* **Aim of the exercise**:
The reply should contain only the lines from the start of the records through the line with "延安市宝塔山(右下)与摘星楼(5月11日无人机拍摄)  新华社记者发", reproduced verbatim and without pictures.

Data entries:
====================

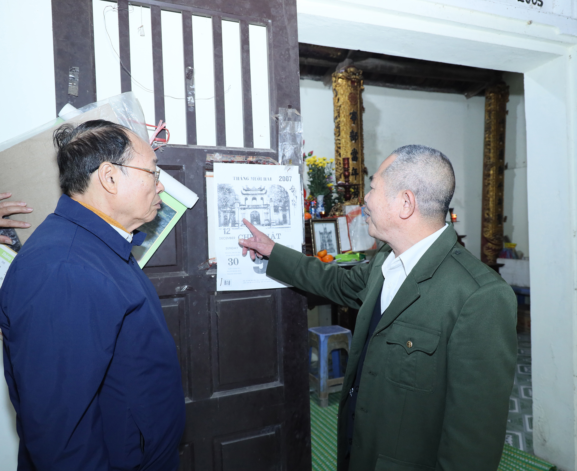 Ông Đào Công Bảo (bên phải) nói về miếu thờ thành hoàng Đại tướng Trấn Quốc ngày xưa.
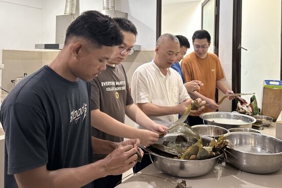 5月31日,印尼华球(中国)官方组织开展“粽叶飘香 端午安康”主题文化活动。中印尼员工齐聚一堂,包粽子、制香囊,以中国传统民俗为媒,架起文化交流桥梁。 活动现场,翠绿清香的粽叶、白胖胖的糯米、红彤彤的大枣,香气浓郁的药材、彩色的香包等活动用品一应俱全,端午节日气息扑面而来。活动开始前,中方员工代表向参加活动的属地员工介绍了端午节的起源和习俗,并以生动的语言向属地员工讲述了屈原的故事、粽子的由来及制作流程。活动中,经验丰富的贾师傅化身“老师”,耐心地向属地同事讲解包粽子的步骤。从粽叶的折叠,到馅料的填充,再到捆扎成型,每一个动作都悉心示范。属地员工们全神贯注,跃跃欲试,尽管手法生疏,但热情丝毫不减。有人因成功包出一个完整的粽子而欢呼雀跃,有人则笑着展示自己“憨态可掬”的作品,大家在欢声笑语中共享佳节温情,感受传统节日的独特魅力。 |
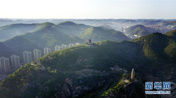 延安市宝塔山(右下)与摘星楼(5月11日无人机拍摄)  新华社记者发
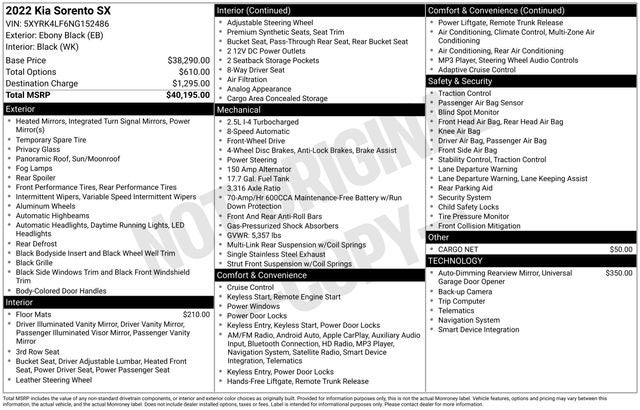 Ebony Black 2022 Kia Sorento SX FWD 8-Speed DCT 2.5L I4 DGI Turbocharged DOHC 16V LEV3-ULEV70 281hp WE DELIVER ANYWHERE, 3.316 Axle Ratio, 3rd row seats: split-bench, 4-Wheel Disc Brakes, 6 Speakers, ABS brakes, Air Conditioning, Alloy wheels, AM/FM radio: SiriusXM, Apple CarPlay & Android Auto, Auto High-beam Headlights, Automatic temperature control, Brake assist, Bumpers: body-color, Cargo Net, Carpeted Floor Mats, Delay-off headlights, Driver door bin, Driver vanity mirror, Dual front impact airbags, Dual front side impact airbags, EC Mirror w/HomeLink, Electronic Stability Control, Emergency communication system: UVO Link, Exterior Parking Camera Rear, Four wheel independent suspension, Front anti-roll bar, Front Bucket Seats, Front Center Armrest, Front dual zone A/C, Front fog lights, Front reading lights, Fully automatic headlights, Heated door mirrors, Heated Front Bucket Seats, Heated front seats, Illuminated entry, Knee airbag, Leather steering wheel, Low tire pressure warning, Navigation System, Occupant sensing airbag, Outside temperature display, Overhead airbag, Overhead console, Panic alarm, Passenger door bin, Passenger vanity mirror, Power door mirrors, Power driver seat, Power Liftgate, Power moonroof, Power passenger seat, Power steering, Power windows, Radio data system, Radio: AM/FM Audio System, Rear air conditioning, Rear anti-roll bar, Rear reading lights, Rear window defroster, Rear window wiper, Remote keyless entry, Roof rack: rails only, Security system, Smart Key w/ Push Button and Remote Start, Speed control, Speed-sensing steering, Split folding rear seat, Spoiler, Steering wheel mounted audio controls, SynTex Artificial Leather Seat Trim, Tachometer, Telescoping steering wheel, Tilt steering wheel, Traction control, Trip computer, Turn signal indicator mirrors, Variably intermittent wipers, Wheels: 8.5J x 20 Gloss Black Alloy.
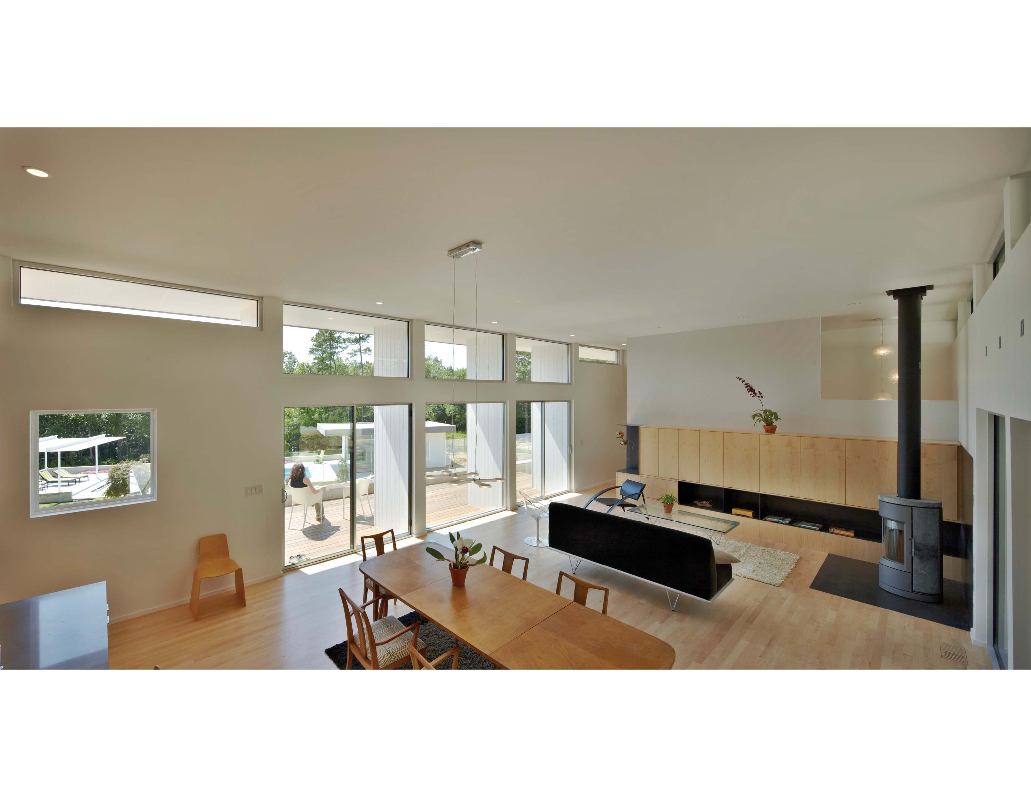 “After living in a two-story, 1914 farmhouse for 30 years, which originally had no insulation, no running water, no electricity, and only the six fireplaces for heat, I was well aware of the limitations of this vernacular housing,” said homeowner John Monroe. “Having a comfortable living environment with reduced consumptive energy usage was appealing. I’ve spent the summer in the new house and beside the absolute beauty of the modern design, knowing that the house remains cool even with its almost full wall of windows makes me feel that the extra efforts to insulate the house and use the geo-thermal system, among other efforts were well worth it.”
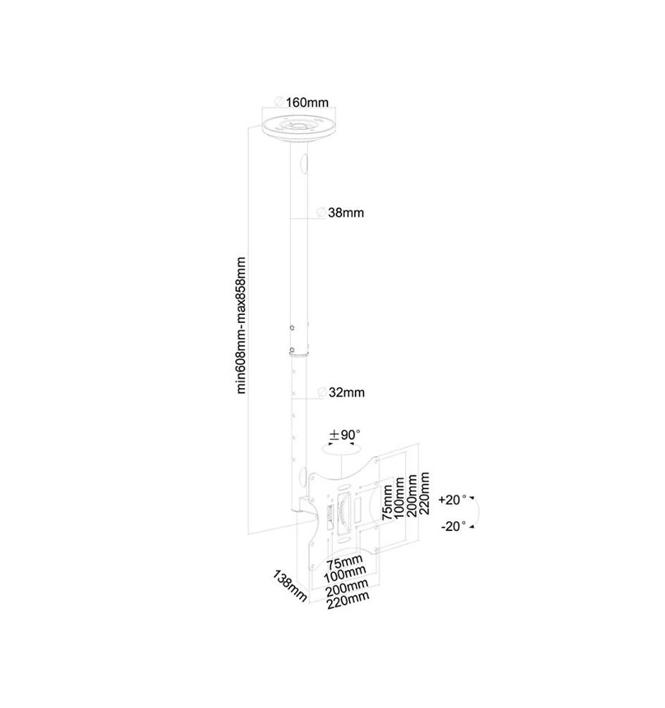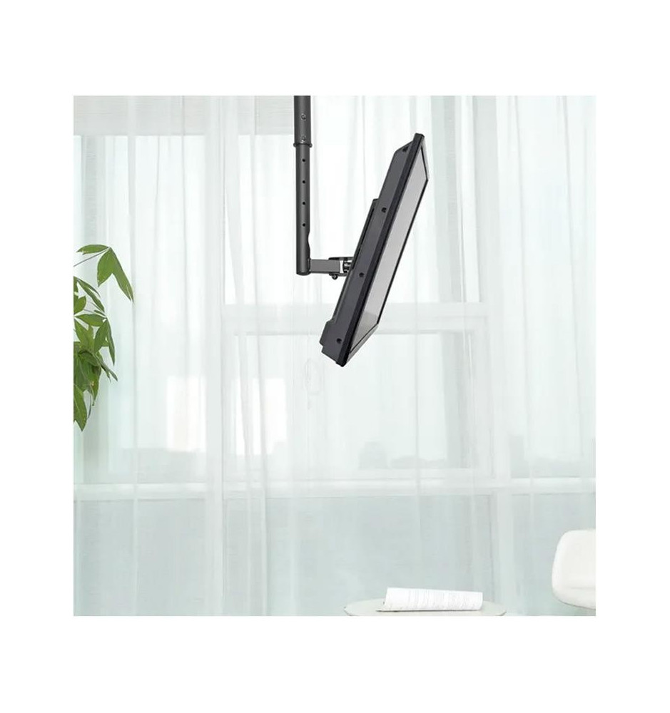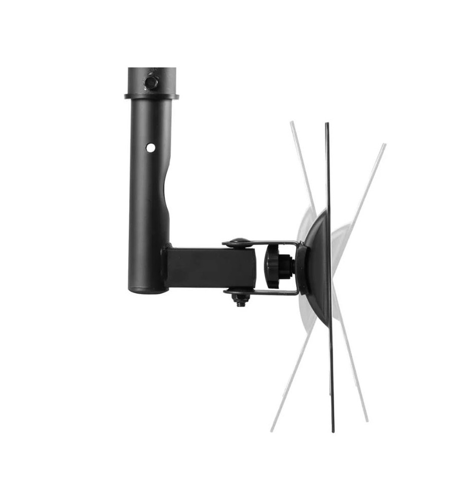 Wysokość uchwytu można zmieniać w zakresie od 60 do 85 cm. Regulacja pochylenia w zakresie 40° pozwala na optymalne dostosowanie kąta widzenia oraz montaż także na skośnym suficie. Dodatkowo zamontowany ekran można regulować w poziomie do 180°, co daje możliwość lepszego dopasowania go względem odbiorców. Uchwyt jest odpowiedni dla ekranów zgodnych z układem otworów VESA w zakresie od 75x75 do 200x200 mm.
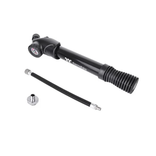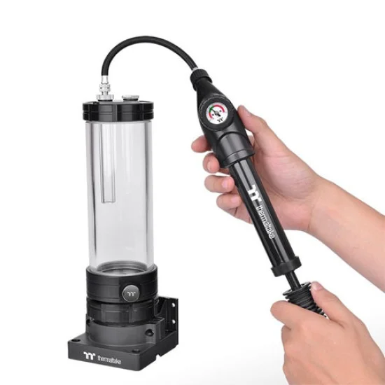 The Thermaltake Pacific Leak Tester is a simple and effective tool designed for testing liquid cooling water loops before filling them. With just a few pumps, users can ensure their systems are leak-free.
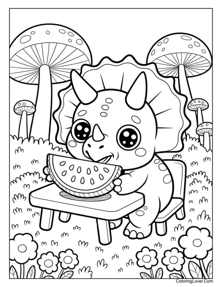A cute triceratops enjoys juicy watermelon at a tiny picnic table. Surrounded by mushrooms, it’s snack time in dino land!
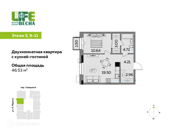 2 комн. квартира в Ижевске в ипотеку от 48 405 руб/месяц
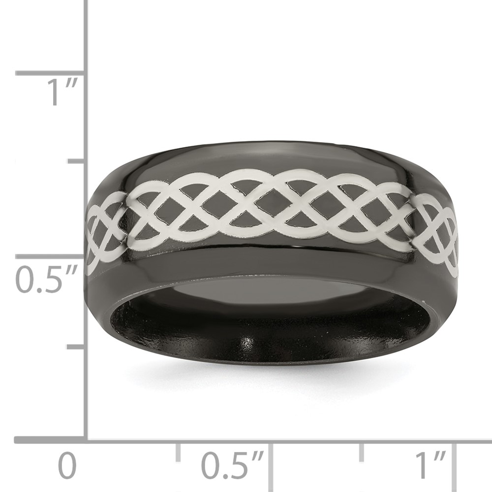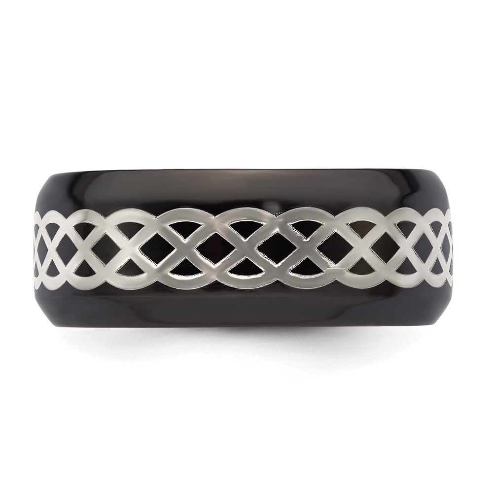 Edward Mirell Black Ti and Argentium Sterling Silver Inlay Polished Celtic Design 9mm Flat Band
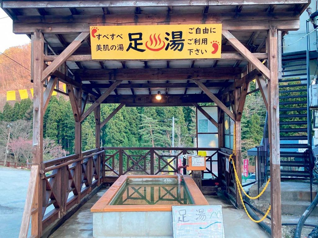 施設内には足湯があり、無料で何度も利用可能。川のせせらぎや星空をお供に、足先からポカポカとあたたまって
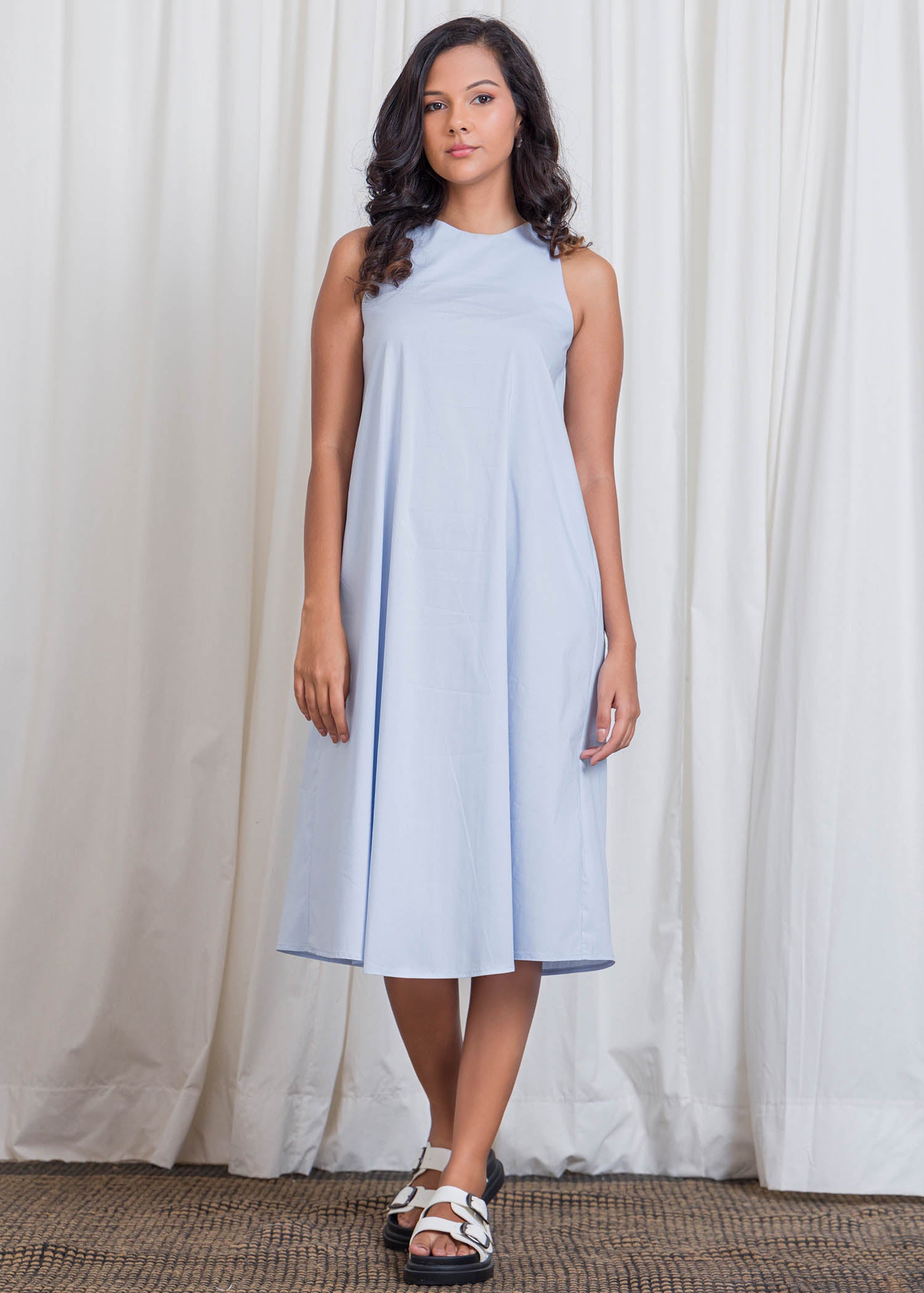 Back elastic detailed sleeveless trapeze dress for Casual wear. Gives you a classy look.
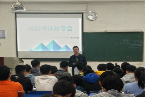 为贯彻落实《信息工程学院关于开展“改作风、正师风、优学风”主题教育活动实施方案》有关要求,促进同学们完善自我职业生涯规划,4月16日,信息学院2017级计算机专业于逸夫楼405室召开成长榜样分享会,本次会议邀请到2015级计算机专业优秀学生代表郭宇辉、王嘉伟、郝铮铮进行经验分享,会议由辅导员艾国金主持。
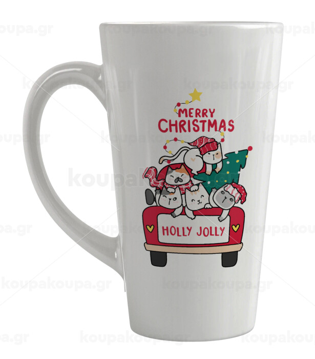 Merry Christmas cats in car, Κούπα κωνική Latte Μεγάλη, κεραμική, 450ml
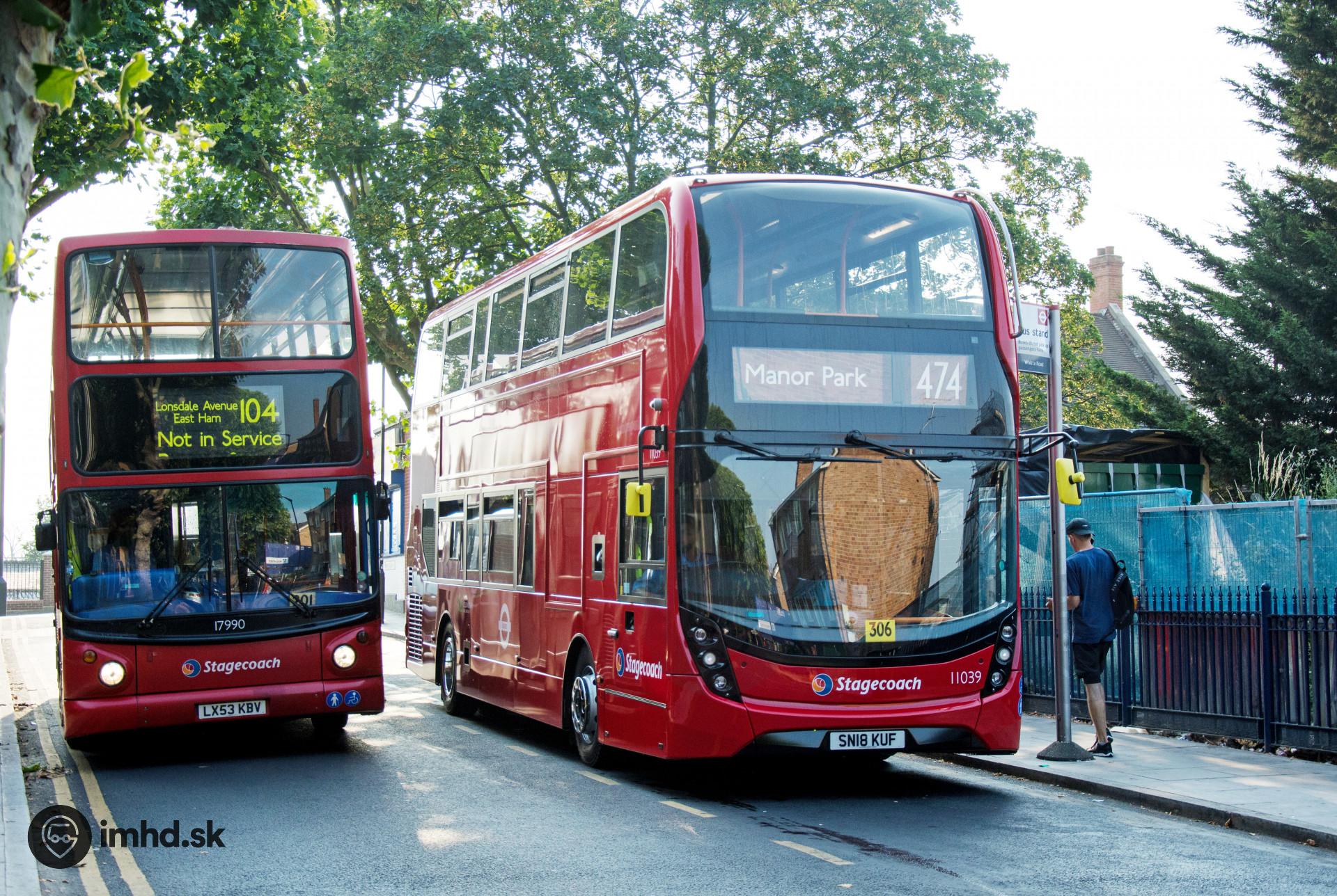 #11039, 17990, LX53 KBV, SN18 KUF, route 104, 474, Whitta Rd, zastávka Manor Park Station
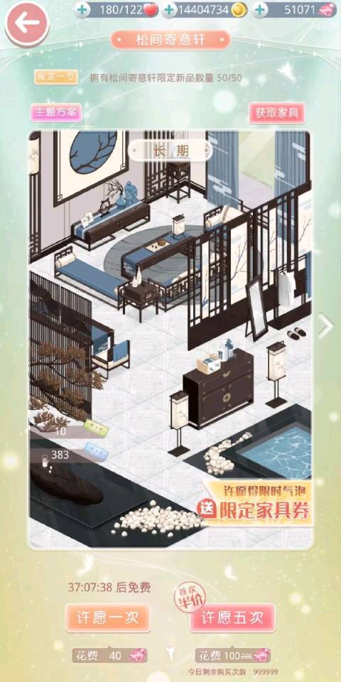 愿之庭:每38h免费一次,可用券抽取家具。
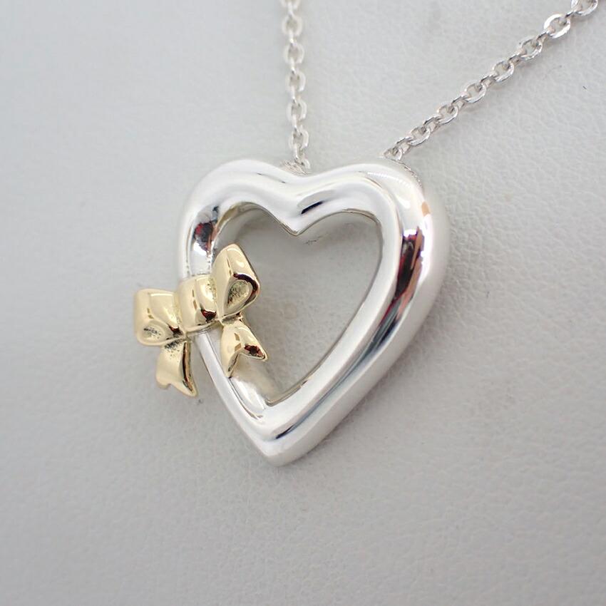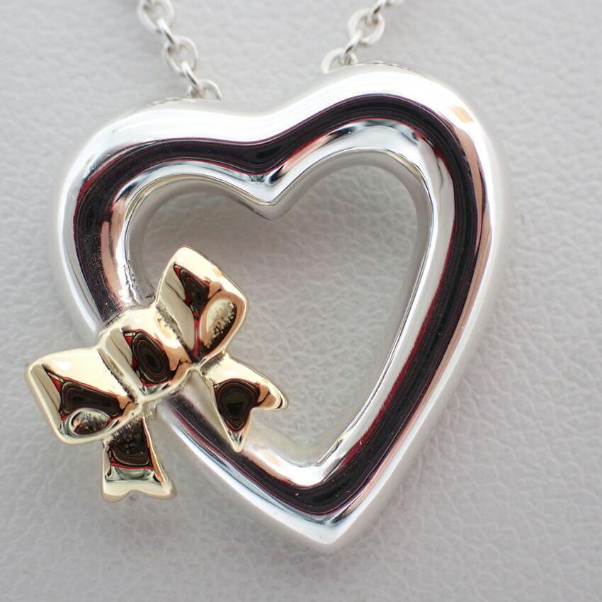 [Б/у] TIFFANY/Tiffany 925/750 Сердце Лента Подвеска/Ожерелье/g406-28

====================

* **Result of this exercise**:
 Ông Đào Công Bảo (bên phải) nói về miếu thờ thành hoàng Đại tướng Trấn Quốc ngày xưa.
 5月31日,印尼华球(中国)官方组织开展“粽叶飘香 端午安康”主题文化活动。中印尼员工齐聚一堂,包粽子、制香囊,以中国传统民俗为媒,架起文化交流桥梁。 活动现场,翠绿清香的粽叶、白胖胖的糯米、红彤彤的大枣,香气浓郁的药材、彩色的香包等活动用品一应俱全,端午节日气息扑面而来。活动开始前,中方员工代表向参加活动的属地员工介绍了端午节的起源和习俗,并以生动的语言向属地员工讲述了屈原的故事、粽子的由来及制作流程。活动中,经验丰富的贾师傅化身“老师”,耐心地向属地同事讲解包粽子的步骤。从粽叶的折叠,到馅料的填充,再到捆扎成型,每一个动作都悉心示范。属地员工们全神贯注,跃跃欲试,尽管手法生疏,但热情丝毫不减。有人因成功包出一个完整的粽子而欢呼雀跃,有人则笑着展示自己“憨态可掬”的作品,大家在欢声笑语中共享佳节温情,感受传统节日的独特魅力。 |
 延安市宝塔山(右下)与摘星楼(5月11日无人机拍摄)  新华社记者发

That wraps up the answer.